Add the verified label to fire the device-farm leg.

What this changes

packages/transcription-parakeet/:

  • ParakeetModel::load — remove the #ifdef __ANDROID__ guard that forced useGPU=false (kept the n_gpu_layers logic + the GPU-init→CPU fallback warning).
  • CMakeLists.txt — widen the Android backend-staging glob from libqvac-speech-ggml-cpu-*.so to libqvac-speech-ggml-*.so so the vulkan/opencl MODULE libs ship in the prebuild (reverses the [0.7.2] CPU-only packaging); refresh the now-stale "intentionally CPU-only" comments.
  • gpu-smoke.test.js — drop the four Android early-pass skips so the strict assertGpuBackend (backendDevice=1, backendId Vulkan/OpenCL) runs on device.
  • In-package vcpkg overlay portsggml-speech@44fd4817 (speech HEAD) + parakeet-cpp@ed749556 (whisper.cpp master), wired via overlay-ports in vcpkg-configuration.json. Registry baseline and registry version>= pins are unchanged — the registry PR is deferred until the device-farm result is understood.
  • vcpkg.json — bump parakeet-cpp version>= to the overlay version-date.

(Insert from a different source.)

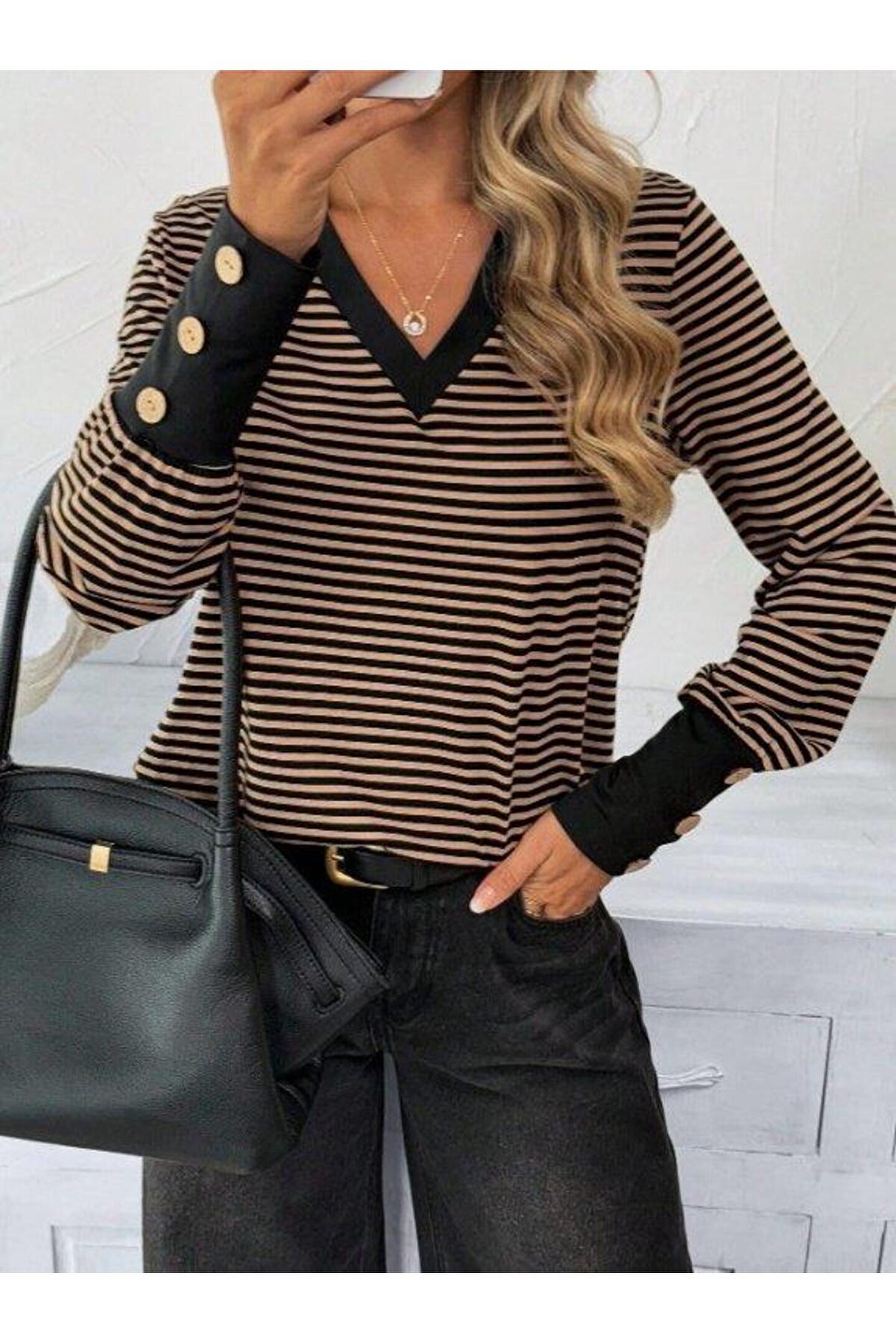 Kadın Uzun Kollu V Yakalı Desenli Süprem Bluz

Local device finding (Adreno 740 / iQOO 11, TDT q4_0)

Run directly against this branch's prebuild on a physically-attached Adreno 740:

Path Backend Result
CPU (useGPU=false) CPU (id 0) ✅ correct transcript
GPU, engine default OpenCL (id 4, auto-selected on Adreno>700) SIGABRTggml_backend_opencl_graph_compute: op not supported joint.token_argmax (ARGMAX)GGML_ASSERT
GPU, OpenCL withheld Vulkan (id 3) ⚠️ runs, but transcript degraded vs CPU (dropped words) and ~2× slower

So on the Adreno the engine picks OpenCL, whose backend lacks ARGMAX and aborts in graph-compute instead of falling back to CPU. The Vulkan path (the one ggml-speech@8bf760f4 reported byte-identical on this exact device) is not what the engine selects, and even when forced it no longer reproduces the byte-identical result on the current 44fd4817/ed749556 stack.

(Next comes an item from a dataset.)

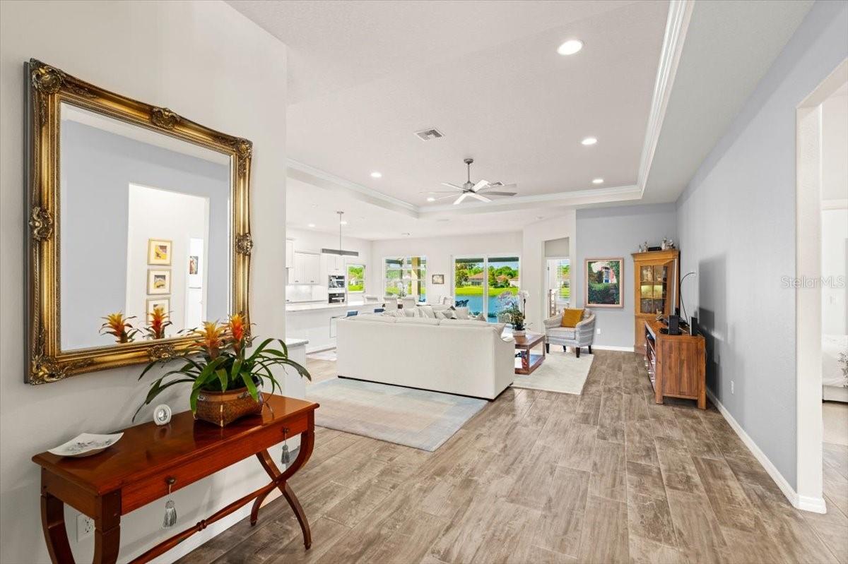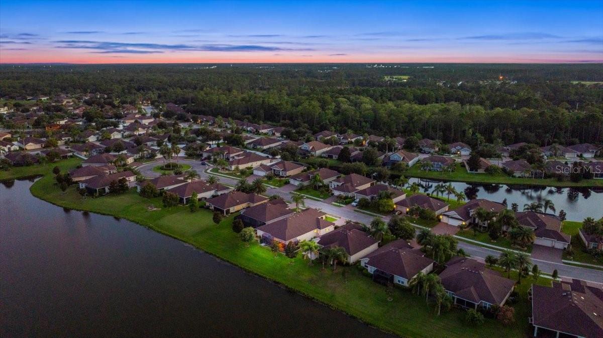 Elegant LAKEFRONT 3 bedroom, 2 full bathroom home in Hidden Lakes! This architectural standout offers an incredible opportunity to own a lakefront residence in Hidden Lakes - Palm Coast’s upscale master-planned community known for its lush preserve, fountain-topped lakes, walking trails, resort-style pool, club house, and playgrounds—all with low HOA fees. Setback behind a covered front porch and stone archways, you’ll appreciate the manicured landscaping and long paved driveway. Interior Features That Impress! Step into a home where wood-look tile flooring spans the open floor plan framed by high ceilings, crisp plantation shutters and stylish three-panel interior doors throughout. The expansive living area, centered by a tray-ceiling and a custom-designed coffee or wine bar with built-in fridge—perfect for entertaining or relaxed gatherings. A spacious den/office, complete with a storage closet and French-door entry is a bonus! The stunning gourmet kitchen showcases granite countertops, glass-front cabinetry, stone backsplash, cooktop with a side grill and overhead exhaust, and top-tier built-in double oven. A massive island with a breakfast bar and pantry enhance functionality - all overlooking the oversized screened-in back porch, fully covered and outfitted for ultimate relaxation beside the serene lake and its dancing fountains. All three bedrooms feature plush carpeting and ceiling fans for comfort. The primary suite is a statement of space and luxury: walk-in closet and a spa-like ensuite with dual granite-surface vanities, a huge walk-in tile shower and a separate soaking tub—delivering both elegance and ease daily. This property also comes equipped with Exterior Automatic Hurricane Shutters!! ($45,000 value!) Hidden Lakes offers refined community living with two lakes with fountain views, scenic nature trails, a resort pool, clubhouse and playgrounds—all close to Palm Coast’s Town Center, upscale shopping, I-95 access and pristine Flagler Beaches. This is a home you don't want to pass by - Schedule your exclusive showing today!

Expectation for the device-farm run: the Adreno (S25) leg likely hits the same OpenCL ARGMAX abort (which can SIGABRT the Bare worklet and take down subsequent tests, cf. #2525); the Mali (Pixel 9) leg exercises the Vulkan path.

Note (pre-existing, out of scope)

While bringing this up on a local device, found that the addon's BACKENDS_SUBDIR compile-definition is PRIVATE on the bare-module target but ParakeetModel.cpp compiles into parakeet_model_core, so the subdir isn't appended to a host-provided default backendsDir. The device-farm/APK passes an explicit flat nativeLibraryDir, so CI is unaffected — but a host relying on the __dirname/prebuilds default would not find the backend .so. Filed mentally as a follow-up; not touched here.

Refs

…lidation)

DO-NOT-MERGE — overlay-only PR to get an empirical AWS Device Farm signal on
whether the latest speech stack drives Parakeet on Android GPUs (Pixel 9/Mali +
S25/Adreno 830). This is the inverse of the CPU-only workaround in #2525.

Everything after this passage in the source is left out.